Property Data type Step/Scope
columns array Store data
controlColumnsForUpdate string Store data
controlColumnsForDelete string Store data
disabledOperations string Store data
sorting array Store data
table string Store data

table 

Type
string
Description
Name of the nested table. This information is mandatory.
Scope
Store data

columns 

Type
array
Description

List of columns (database fields) needed for the nested table. This is an associative array, using the column name as the key. Then each column must have one of two properties:

value
This is a simple value that will be used for each entry into the nested table. Use it for invariants like the "tablenames" field of a MM table.
field

This is the name of a field that is available in the imported data. The value is copied from the current record. Note that such fields can be any of the mapped columns, any of the additionalFields or any of the substructureFields.

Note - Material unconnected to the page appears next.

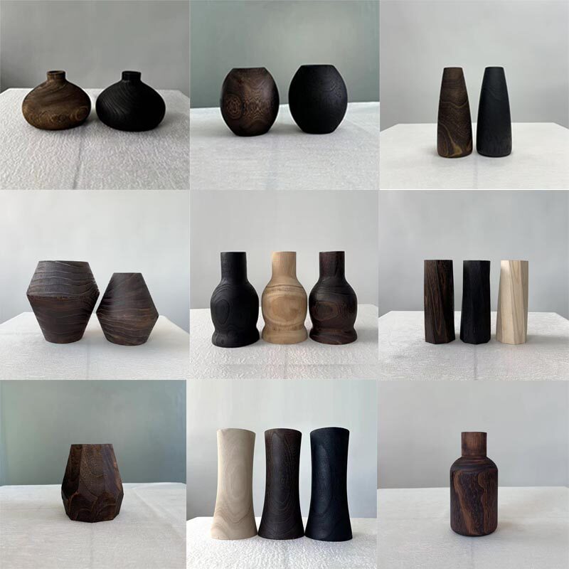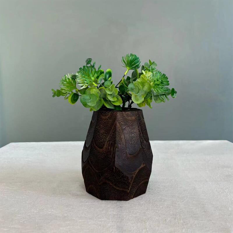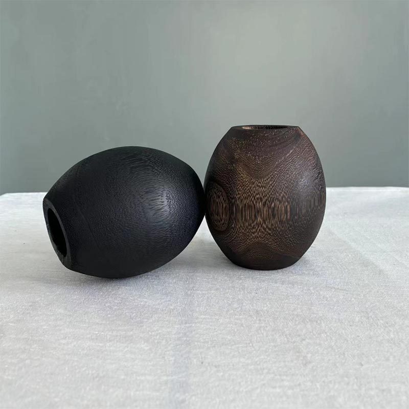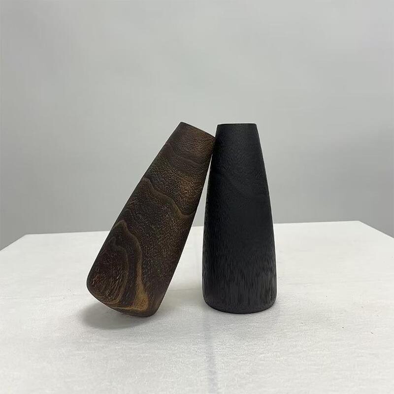 📚 新中式复古怀旧实木碳化色黑色原木小花瓶摆件样板间酒店民宿装饰
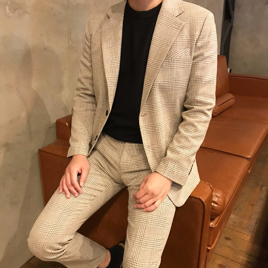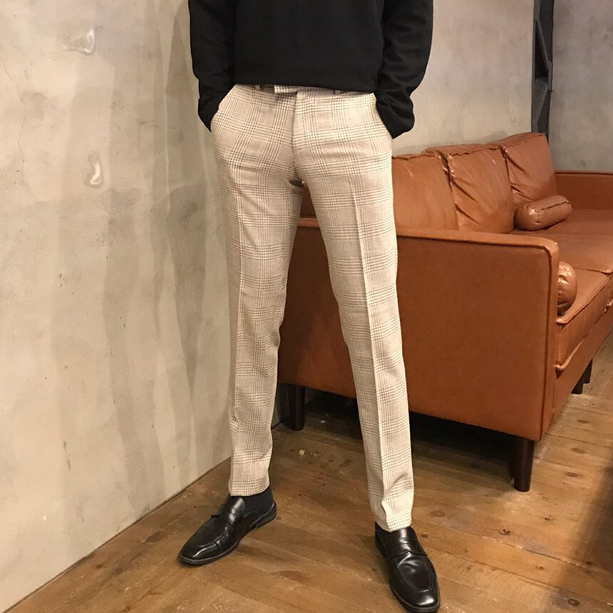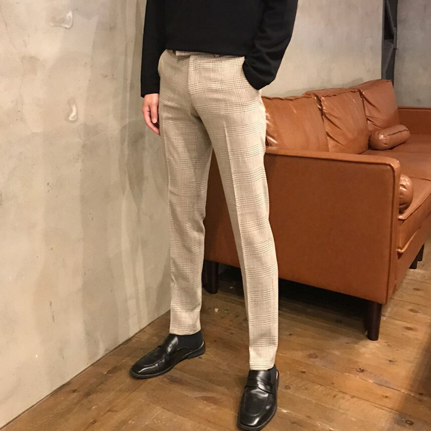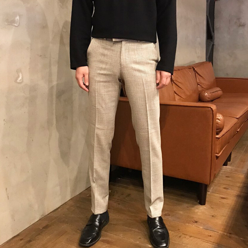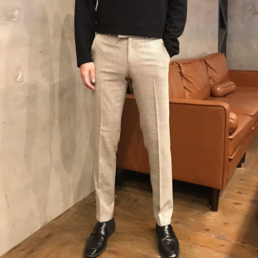 [BXAFLAF1509] 화이트베이지 글렌체크 간절기 슬랙스

The special value __parent.id__ refers to the primary key of the current record and will typically be used for "uid_local" or "uid_foreign" fields in MM tables, depending on how the relation is built.

Scope
Store data

controlColumnsForUpdate 

Type
string
Description

Comma-separated list of columns that need to be used for checking if a child record already exists. All these columns must exist in the list of columns defined above. Defining this property ensures that existing relations are updated instead of being created anew.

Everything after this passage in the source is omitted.